OK, these are just thoughts. But if we, the AI community, can begin to establish some better examples then maybe we can be accepted and assimilated into the mainstream river of human thought. Maybe...

SDG
jco

Sunday, December 6, 2009

Sunday Ramblings

Greetings:

I just went to the following link that was sent to me by a friend:

http://java.sun.com/developer/media/deepdivejavawarehouse.jsp

It is, indeed, refreshing to see the older guys teaching the younger guys in a Sun-sponsored video. Having children (anyone less than 30) teaching a class should be an anomaly, not a normal thing. While we older troops should be enjoying our advancing years, at the same time we should recognize that we have something to contribute back to those same "children" who are still struggling with undocumented code, insufficient requirements and poorly constructed architecture. When they become frustrated with these daily problems, we can help them to understand those problems and show them how to deal with each one in the appropriate manner.
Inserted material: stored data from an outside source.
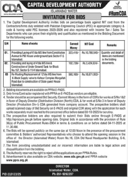 Water Supply Scheme / Drains / Sewerage, Roads, Repair & Maintenance, Engineering, Development Authority, Construction, Buildings
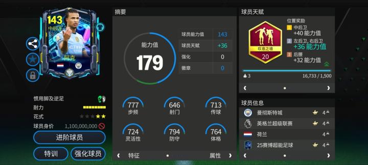 曼城的6号球衣属于后场核心之一的荷兰人阿克。游戏中,阿克在赛博超能足球活动中推出了一张143能力值球员卡,天赋配备了叹息之墙,着重增强了防守表现。
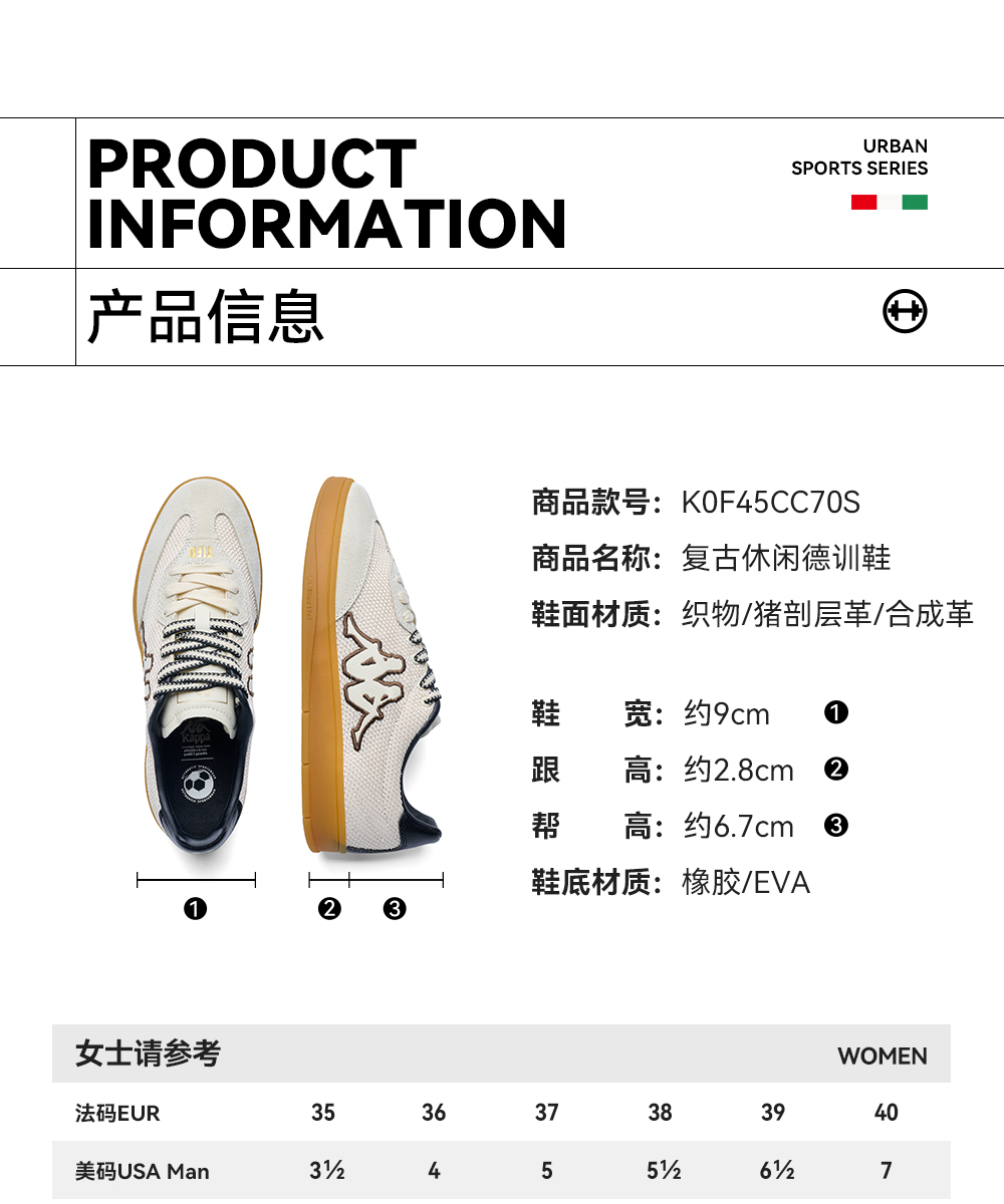 Kappa卡帕背靠背TIFO德训鞋女款2025春季新款情侣鞋复古板鞋子男K0FX5CC70S K0F45CC70S
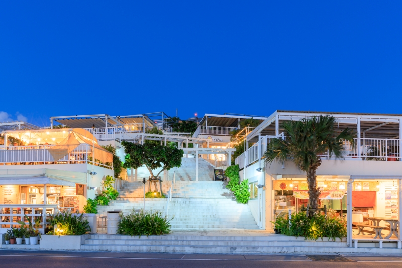 施設内には、海を目の前にして食事ができるレストランや、Made in Okinawaの素敵な商品が並ぶショップがあり、リゾート気分を存分に堪能できます。レストランは21:00(ラストオーダー20:30)まで、そのほかのショップは20:00までの営業で、ケバブなどを販売するSunset HUBのみ翌2:00までオープンしています。
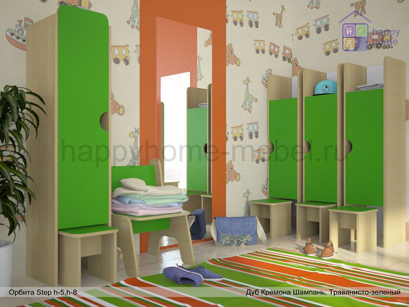 Кабинка в раздевалку напольная со стулом для ребенка от 2-х лет производится в цветах корпуса и фасада по Вашему выбору на самом современном оборудовании из сертифицированных экологичных материалов.

I think that as we deal with old age in our every day life, so then we learn to deal with death when it finally arrives. Some of us feel that we are still young, 20-year-old studs that have become trapped in in old man's body that is heir to all of the aches and pains of advancing years. I have come to think of that as God's way of preparing us for the end of life so that we welcome Death as a friend who has come to take us home and not as a protagonist against whom we have to fight.

But, so long as we stay alert and up to date on changes in the industry, do our own research, analyze our own data and prepare our own reports, then we will continue to amass knowledge and we can filter that new knowledge through the years of the pain of working with those who always "take the easy way out." This would be those programmers and scientists who don't try to understand the underlying principles of the art and science of their industry that is sometimes so elusive and seemingly unavailable to those who have had only a few years trying to make things work the right way when using apparently insufficient material. Nevertheless, having worked with younger programmers most of my life, I have found that if I can show them something new or a better way to do things, then I am usually accepted by my cohorts as just another geek trying to make sense out of senseless requirements.
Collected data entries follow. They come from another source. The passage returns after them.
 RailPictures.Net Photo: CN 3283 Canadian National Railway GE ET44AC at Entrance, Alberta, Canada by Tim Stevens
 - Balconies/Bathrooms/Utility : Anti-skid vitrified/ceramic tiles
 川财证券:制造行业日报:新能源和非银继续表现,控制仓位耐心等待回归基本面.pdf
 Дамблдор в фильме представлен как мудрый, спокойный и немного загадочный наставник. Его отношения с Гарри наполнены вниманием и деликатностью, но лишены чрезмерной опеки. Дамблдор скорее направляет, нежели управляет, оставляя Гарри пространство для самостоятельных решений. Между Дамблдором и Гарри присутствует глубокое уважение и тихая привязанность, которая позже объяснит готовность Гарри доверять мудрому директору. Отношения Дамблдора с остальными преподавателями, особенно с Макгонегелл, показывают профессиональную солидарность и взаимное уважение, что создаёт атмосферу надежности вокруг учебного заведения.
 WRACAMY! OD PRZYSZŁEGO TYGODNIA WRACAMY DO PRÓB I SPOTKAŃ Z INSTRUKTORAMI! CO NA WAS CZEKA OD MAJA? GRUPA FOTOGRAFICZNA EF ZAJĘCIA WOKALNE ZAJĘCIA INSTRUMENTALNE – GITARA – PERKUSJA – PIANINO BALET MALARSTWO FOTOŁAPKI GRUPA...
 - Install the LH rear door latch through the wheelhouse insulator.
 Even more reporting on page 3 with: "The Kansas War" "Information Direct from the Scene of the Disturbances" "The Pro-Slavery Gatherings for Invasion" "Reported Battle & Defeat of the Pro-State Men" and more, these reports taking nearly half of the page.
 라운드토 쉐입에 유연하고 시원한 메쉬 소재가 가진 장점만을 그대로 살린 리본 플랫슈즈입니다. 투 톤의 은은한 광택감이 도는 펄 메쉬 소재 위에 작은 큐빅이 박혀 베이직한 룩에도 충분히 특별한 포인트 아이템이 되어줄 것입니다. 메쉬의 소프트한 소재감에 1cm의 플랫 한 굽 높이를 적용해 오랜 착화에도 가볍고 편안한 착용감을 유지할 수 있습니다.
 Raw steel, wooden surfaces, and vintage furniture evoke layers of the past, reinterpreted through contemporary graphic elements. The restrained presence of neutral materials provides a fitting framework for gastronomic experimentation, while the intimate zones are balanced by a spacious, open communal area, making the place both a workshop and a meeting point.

So, to the older, more experienced technical personnel I say this; keep on learning. Never give up on a problem and turn it over to someone else just to make life easier. It is that very struggle, this exercise of the brain, to solve complex problems that makes us who we are. This struggle that gives us strength is much like a butterfly coming out of a cocoon that gives it the strength to fly away. The daily solving of those complex problems gives us the strength and the courage to manage smaller problems of everyday life.